Let us look at this by means of an example. There was a requirement to integrate two systems to generate reports. Those two systems are Production and Human Resource Management. Due to the fact that this was built by two different vendors, these two cannot be integrated technically. The production system has details of the 150 workers and the human resource management system has all the details of all the employees. Since Employee ID cannot be used to match employee, employee name was selected to match these employees. However, due to the fact that these were differently managed systems, out of the 150 workers, only 125 workers were able to match. Those employees’ names were matched with the exact name. The rest of the 25 employees cannot be matched because there are small spelling, space issues. However, for the successful analysis, it is important to match these employees.
In SSIS, typically, we use Lookup transformation for exact matching. However, we need more than a standard lookup transformation to match these partial matching columns. To match these types of partial matching scenarios, there are two controls is SSIS toolset. There are Fuzzy Lookup and Fuzzy Grouping transformations in SSIS to support these types of scenarios. In this article, let us see how we can use Fuzzy Lookup in SSIS to solve the above problem.
I assume you are familiar with the basics of SSIS and also know how to create an SSIS package. In case you are not, you can check these tutorials here on Microsoft Documentation before proceeding with this article.

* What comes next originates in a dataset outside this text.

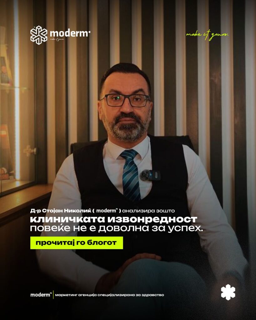 Д-р Стојан Николиќ (Moderm) анализира зошто клиничката извонредност повеќе не е доволна за успех и како „Непроменливите закони на маркетингот“ ја дефинираат иднината на здравствените организации во Македонија.

First, let us see how we can use standard Lookup transformation. Let us see the following as the sample reference data set.
Let us see the following as the input data.
This data has to be matched with the reference data. Let us create an SSIS project from SQL Server Data Tools (SSDT). Lookup transformation was configured as the following screenshot.
In the above SSIS package, Data Flow control was configured in the SSIS control flow as above. The Flat file was configured to a Flat File source. Since Lookup needs the same data type, data from the Flat file is converted to nvarchar data type in the Data Conversion task.
In the Lookup control, the configuration is done so no match records will be set to a different path. The following records will not be matched.
However, if you closely analyze mismatch records with the reference data set, you will see that they are not matching, purely because there are few typing mistakes rather than they are completely missing. Therefore, it is better if we can match them using any other techniques such as Fuzzy Lookup in SSIS.
Fuzzy Lookup in SSIS
Let us see how fuzzy lookup can be configured.
First, it has to be a reference table. Though you can use a query in a lookup, in a fuzzy lookup in SSIS, it has to be either a table or a view.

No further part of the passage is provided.